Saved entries
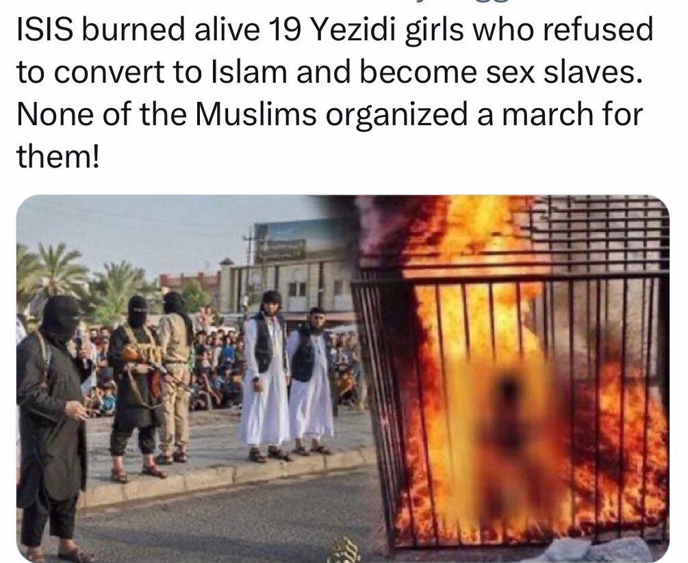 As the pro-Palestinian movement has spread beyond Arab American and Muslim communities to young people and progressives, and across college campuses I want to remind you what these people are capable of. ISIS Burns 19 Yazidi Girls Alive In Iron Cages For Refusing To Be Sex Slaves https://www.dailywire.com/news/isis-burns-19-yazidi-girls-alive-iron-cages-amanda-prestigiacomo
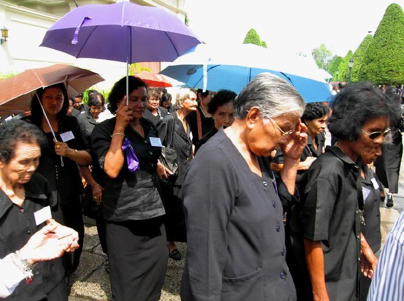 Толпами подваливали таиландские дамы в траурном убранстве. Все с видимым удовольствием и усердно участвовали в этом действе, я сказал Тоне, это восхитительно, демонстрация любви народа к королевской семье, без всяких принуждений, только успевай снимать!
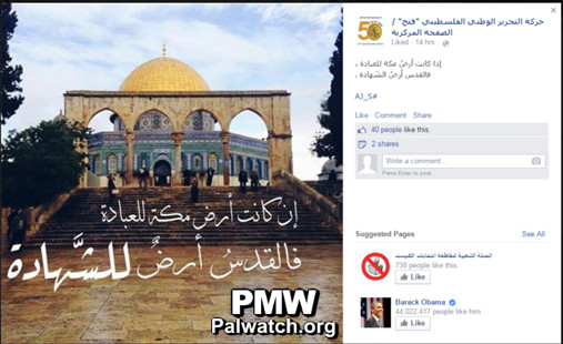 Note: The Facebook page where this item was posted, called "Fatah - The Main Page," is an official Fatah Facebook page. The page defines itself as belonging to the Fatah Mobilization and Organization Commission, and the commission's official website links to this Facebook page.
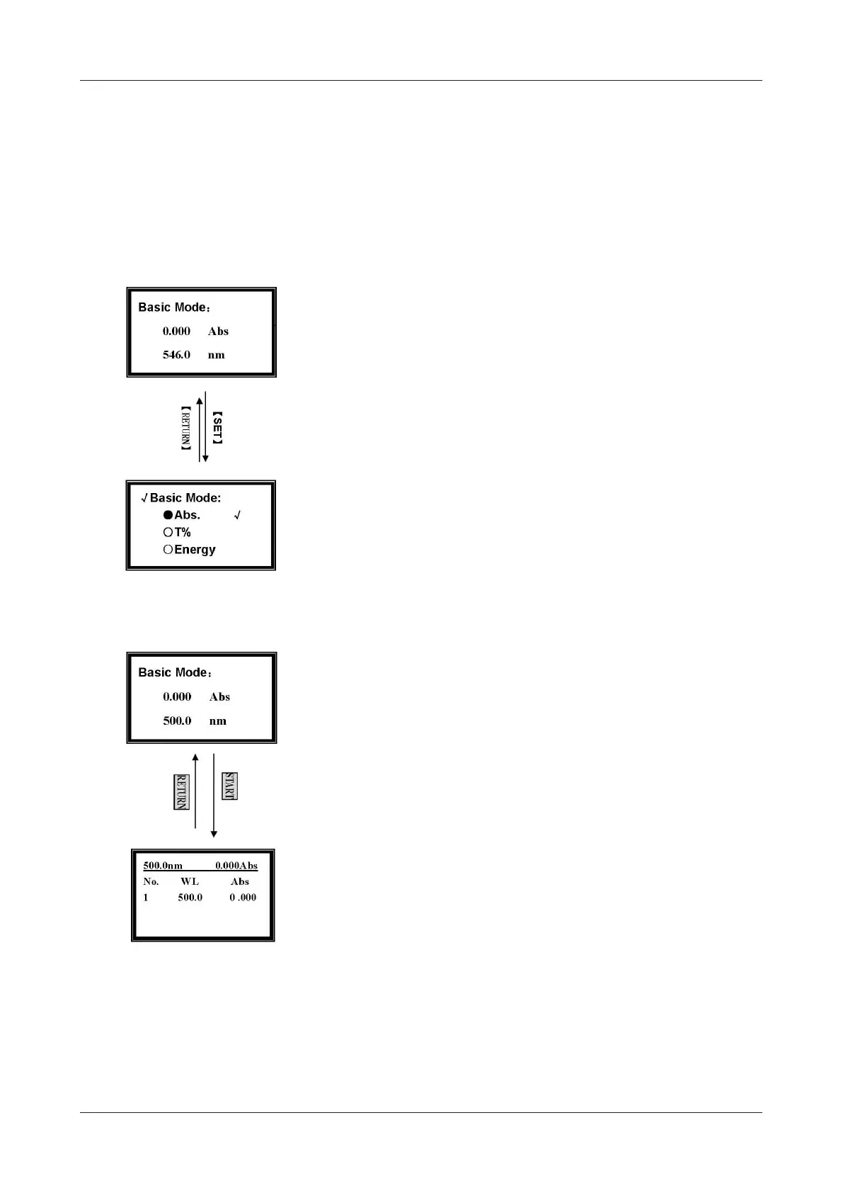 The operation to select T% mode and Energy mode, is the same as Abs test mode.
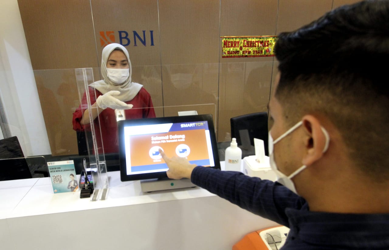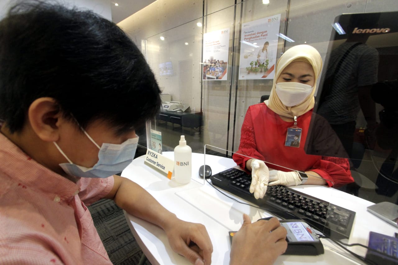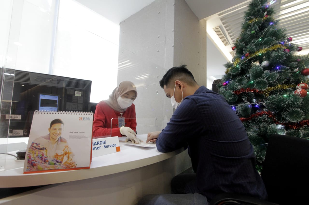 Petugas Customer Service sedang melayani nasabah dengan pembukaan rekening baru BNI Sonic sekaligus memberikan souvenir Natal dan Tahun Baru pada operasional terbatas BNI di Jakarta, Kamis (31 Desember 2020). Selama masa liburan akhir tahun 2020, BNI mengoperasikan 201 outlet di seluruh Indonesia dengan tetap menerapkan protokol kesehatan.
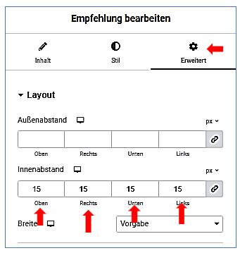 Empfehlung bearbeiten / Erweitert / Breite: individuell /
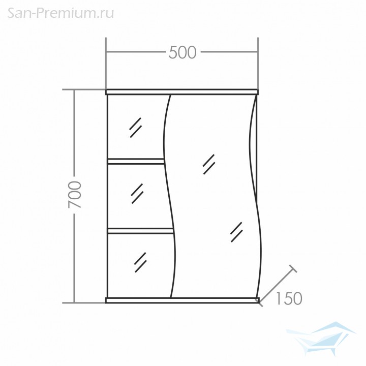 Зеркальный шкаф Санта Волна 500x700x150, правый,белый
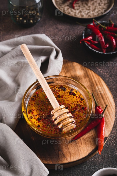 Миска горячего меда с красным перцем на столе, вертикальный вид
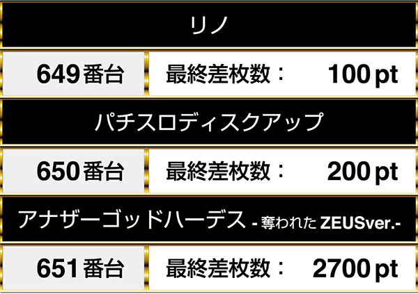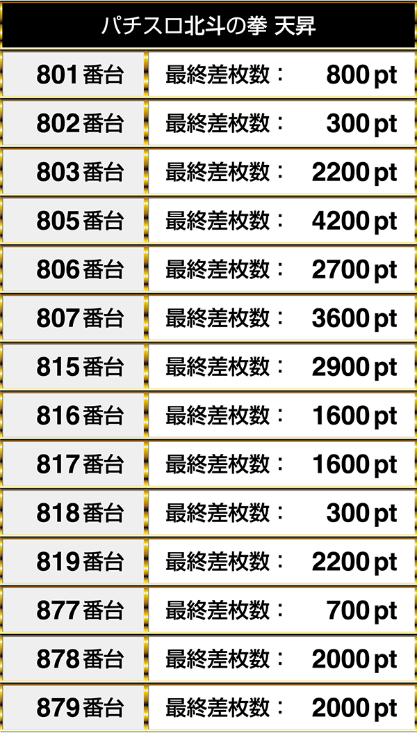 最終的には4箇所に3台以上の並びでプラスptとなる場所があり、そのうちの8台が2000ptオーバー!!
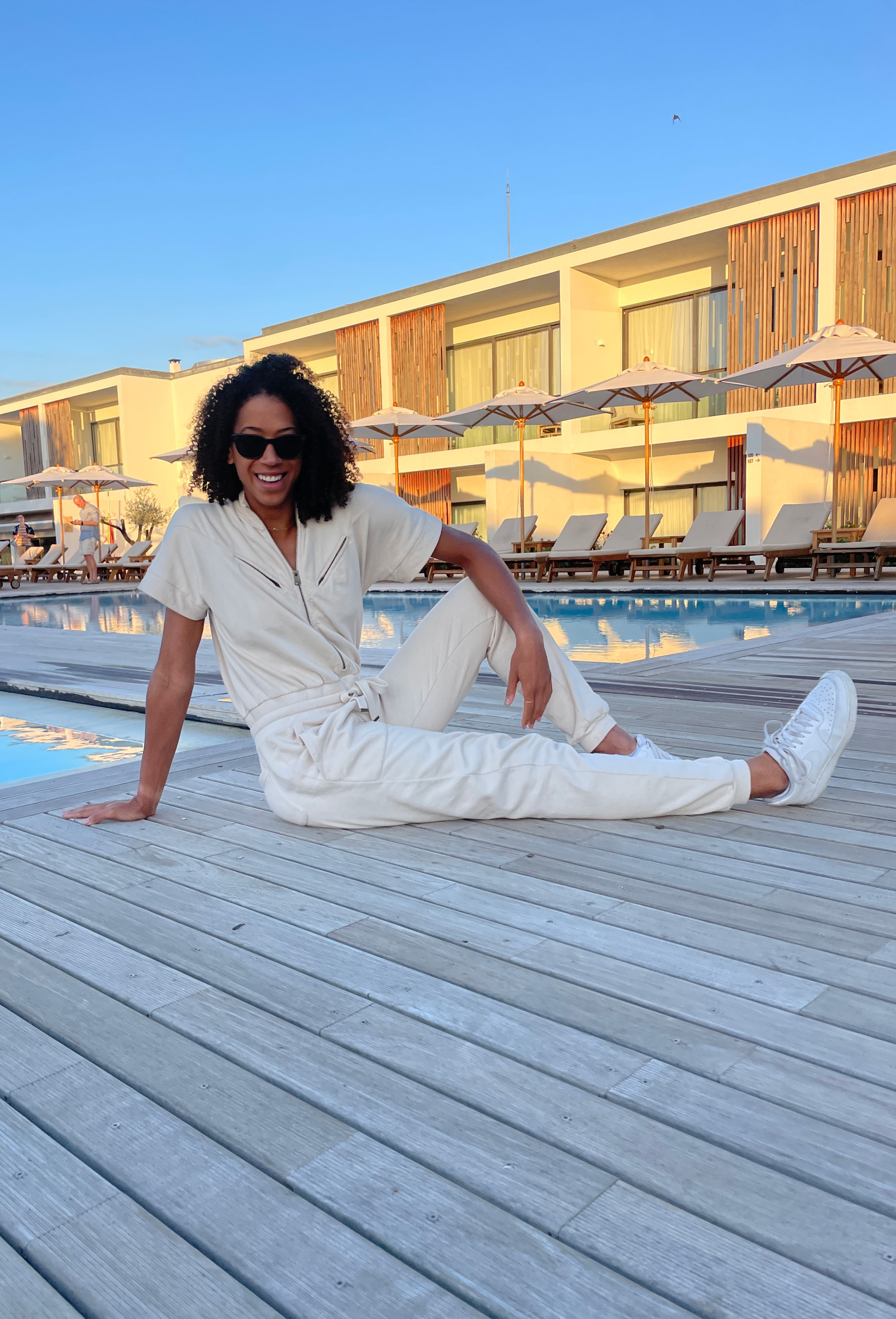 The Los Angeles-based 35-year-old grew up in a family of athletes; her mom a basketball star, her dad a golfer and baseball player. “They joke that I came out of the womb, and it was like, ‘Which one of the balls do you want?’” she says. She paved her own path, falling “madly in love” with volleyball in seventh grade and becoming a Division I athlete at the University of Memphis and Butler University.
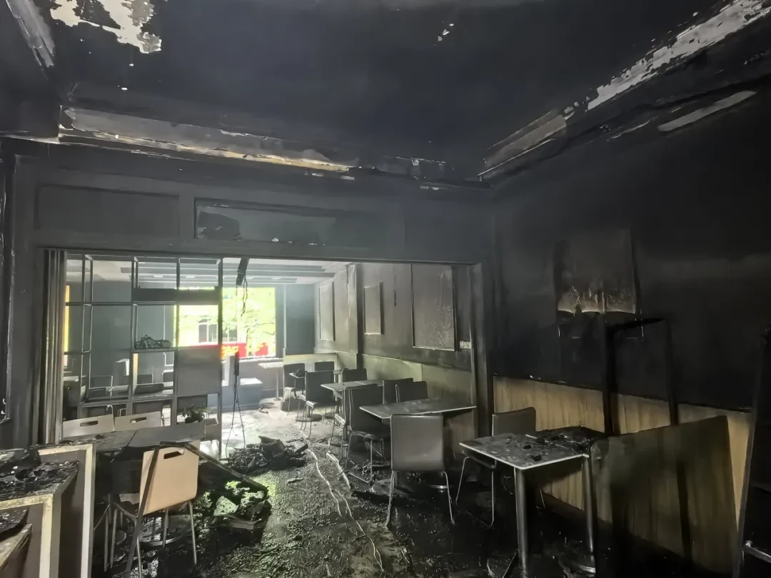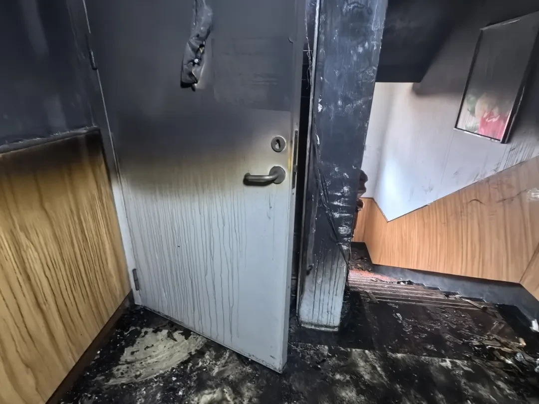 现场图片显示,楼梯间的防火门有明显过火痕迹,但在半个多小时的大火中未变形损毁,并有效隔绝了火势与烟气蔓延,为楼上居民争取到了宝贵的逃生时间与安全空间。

#### [Your objective]
Reproduce the lines above starting at the one with "最終的には4箇所に3台以上の" and ending at the one with "The Los Angeles-based", both included, exactly and with no pictures.

#### [Result]
 最終的には4箇所に3台以上の並びでプラスptとなる場所があり、そのうちの8台が2000ptオーバー!!
 The Los Angeles-based 35-year-old grew up in a family of athletes; her mom a basketball star, her dad a golfer and baseball player. “They joke that I came out of the womb, and it was like, ‘Which one of the balls do you want?’” she says. She paved her own path, falling “madly in love” with volleyball in seventh grade and becoming a Division I athlete at the University of Memphis and Butler University.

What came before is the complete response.